If Stars didn't have 800 posts, I'd suggest Poe's law.

The fact that Stars does have 800 posts and failed to make a single coherent irrefutable point in this entire thread is a good example of how bronze age mythology rapes and ruins minds. :bored:

Best of luck, should Stars return to this thread.


----------



## Peter

xezene said:


> Basically, Pascal's Wager says it is worthwhile to believe even if you doubt it.
> 
> But you can't make yourself believe something you don't. I mean, to those who think this Pascal's Wager is correct, try it out by trying to make yourself believe that pixies are real. You can't do it! So it won't be genuine belief, it will be forced belief, and so that won't get you to heaven, assuming it exists. So Pascal's Wager defeats itself.
> 
> That's one of many basic points, but I think the strongest out of the bunch.


Doubt is by definition included in believing. If you believe without doubt, it means you know and then it's not a belief anymore.

Why else would the word "belief" exist, if it wasn't to indicate it's not the same thing as knowing.

:happy:​


----------



## Lucem

Peter said:


> Doubt is by definition included in believing. If you believe without doubt, it means you know and then it's not a belief anymore.
> 
> Why else would the word "belief" exist, if it wasn't to indicate it's not the same thing as knowing.
> 
> :happy:​


I think what Pascal's Wager means is that, based on the evidence, if you doubt something enough to not believe in the existence of God, you then you should take into account the consequences of your belief (heaven and hell) when choosing whether to be believe or not. 

Doubt is part of belief but enough doubt can rule out believe as well.

For example, when someone says "I doubt my team is going to win the game." They aren't saying they believe their team will win the game, they are saying that their is a high probablility that their team will NOT win the game. This is where doubt has overridden belief.


----------



## Peter

LemonSqueeze said:


> I think what Pascal's Wager means is that, based on the evidence, if you doubt something enough to not believe in the existence of God, you then you should take into account the consequences of your belief (heaven and hell) when choosing whether to be believe or not.


So basically he says: You better believe or else.... :happy:


----------



## xezene

Peter said:


> Doubt is by definition included in believing.
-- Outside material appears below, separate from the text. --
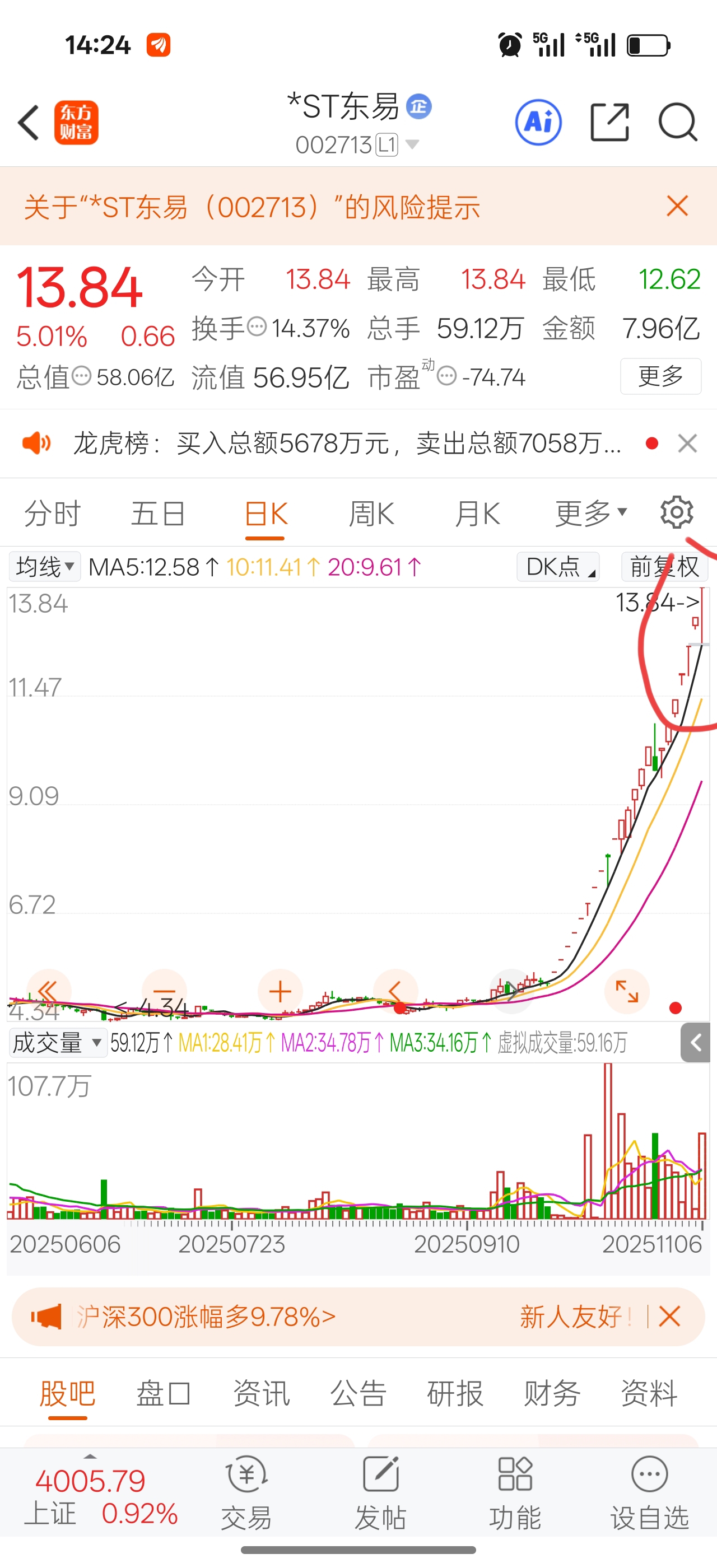 $*ST东易(SZ002713)$ 看他每天摇摇晃晃的,摇摇欲坠的感觉,可它又偏偏每天都涨停,气不气?今天碰到五日线就大长腿起来,五日线为地,要想盖的房子越高越稳固地基就得牢不能悬空。看下这个日k像不像盖楼房的一根顶梁柱。

If you believe without doubt, it means you know and then it's not a belief anymore.
> 
> Why else would the word "belief" exist, if it wasn't to indicate it's not the same thing as knowing.
> 
> :happy:​


Explore the meaning of "knowing." What is it to "know" something? And you will find it comes down to pure, unfiltered belief. Once doubt is introduced, you can never really go back to previously "known" beliefs.


----------



## Peter

xezene said:


> Explore the meaning of "knowing." What is it to "know" something? And you will find it comes down to pure, unfiltered belief. Once doubt is introduced, you can never really go back to previously "known" beliefs.
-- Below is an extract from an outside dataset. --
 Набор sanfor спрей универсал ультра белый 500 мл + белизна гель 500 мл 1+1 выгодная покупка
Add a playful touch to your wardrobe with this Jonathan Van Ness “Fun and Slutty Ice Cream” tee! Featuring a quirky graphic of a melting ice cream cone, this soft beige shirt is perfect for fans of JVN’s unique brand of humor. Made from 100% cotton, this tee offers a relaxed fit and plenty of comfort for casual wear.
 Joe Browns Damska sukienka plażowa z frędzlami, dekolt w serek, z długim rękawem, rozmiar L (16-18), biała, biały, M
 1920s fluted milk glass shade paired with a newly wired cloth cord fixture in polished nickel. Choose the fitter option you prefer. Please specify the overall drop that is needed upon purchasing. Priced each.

To know is to be 100% sure. Doesn't mean you´re right though. Just means you have no doubt in your mind.

Take for example Einstein's theory of relativity. There's no doubt in my mind it's correct. But that doesn't necessarily mean it is. I don't believe it's correct, I know it is correct. It's not possible to know and believe at the same time. It's either one or the other.
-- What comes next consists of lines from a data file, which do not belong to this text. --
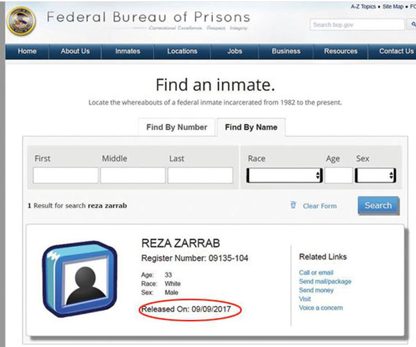 ABD’de yaklaşık 1.5 yıldır tutuklu yargılanan İran asıllı Türk işadamı Reza Zarrab’la ilgili tahliye bilmecesi yaşandı. ABD Adalet Bakanlığı’na bağlı Federal Cezaevleri Bürosu’nun internet sitesindeki resmi kayıtlarda, ‘09135-104’ kayıt numaralı Zarrab’ın önceki gün (09.09.2017) cezaevinden tahliye edildiği görülüyor. Ancak Hürriyet’in ulaştığı Amerikalı yargı kaynakları, Zarrab’ın tahliye edildiği iddiasını doğrulamadı. Dün (Pazar) resmi tatil olduğu için cezaevi yetkililerine ise ulaşılamadı.
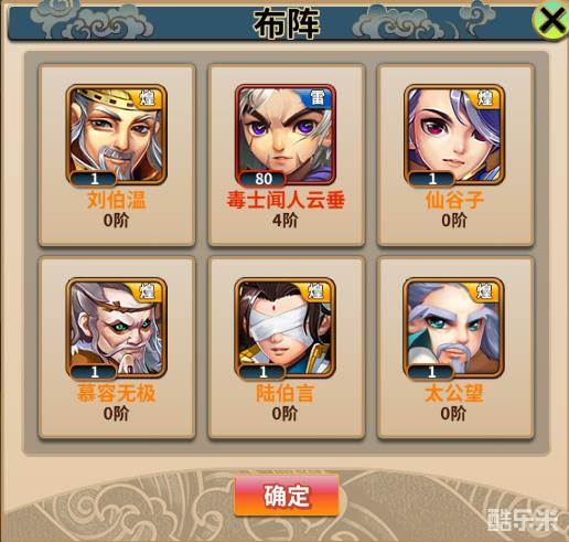 站位可以考虑1-6号位(从左到右从前到后):刘伯温、主角、仙谷子、慕容无极、陆伯言、太公望
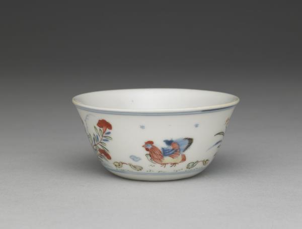 Cup withdoucai polychrome decoration of chicken in a garden |
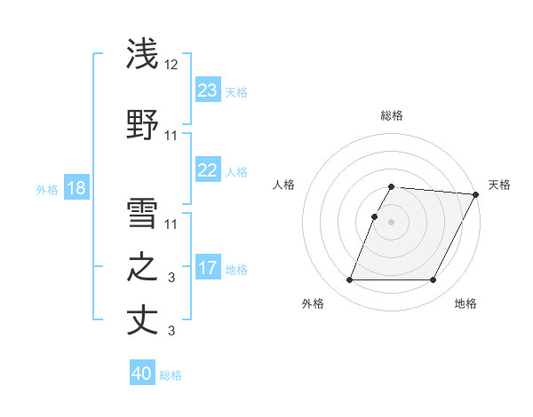 浅野 雪之丈さんを姓名の画数から五運を鑑定

So no, I will not find that to know is to believe. These 2 concepts are very different from eachother.


----------



## xezene

Peter said:


> To know is to be 100% sure. Doesn't mean you´re right though. Just means you have no doubt in your mind.
> 
> Take for example Einstein's theory of relativity. There's no doubt in my mind it's correct. But that doesn't necessarily mean it is. I don't believe it's correct, I know it is correct. It's not possible to know and believe at the same time. It's either one or the other.
> 
> So no, I will not find that to know is to believe. These 2 concepts are very different from each other.


All knowledge is belief. More complex, thought out, and refined belief, but belief nonetheless.

To use a rudimentary example, I once knew Santa existed. But in reality, this is not so. The universe did not change so I could keep my 'knowledge' intact, but my knowledge was forced to change. This is where we see that all we know or observe in life is a belief. For example, (I'm assuming) you and I believe this reality is not a dream. It very well could be. But it is a belief that you and I share, and at that point we feel the need to call it knowledge.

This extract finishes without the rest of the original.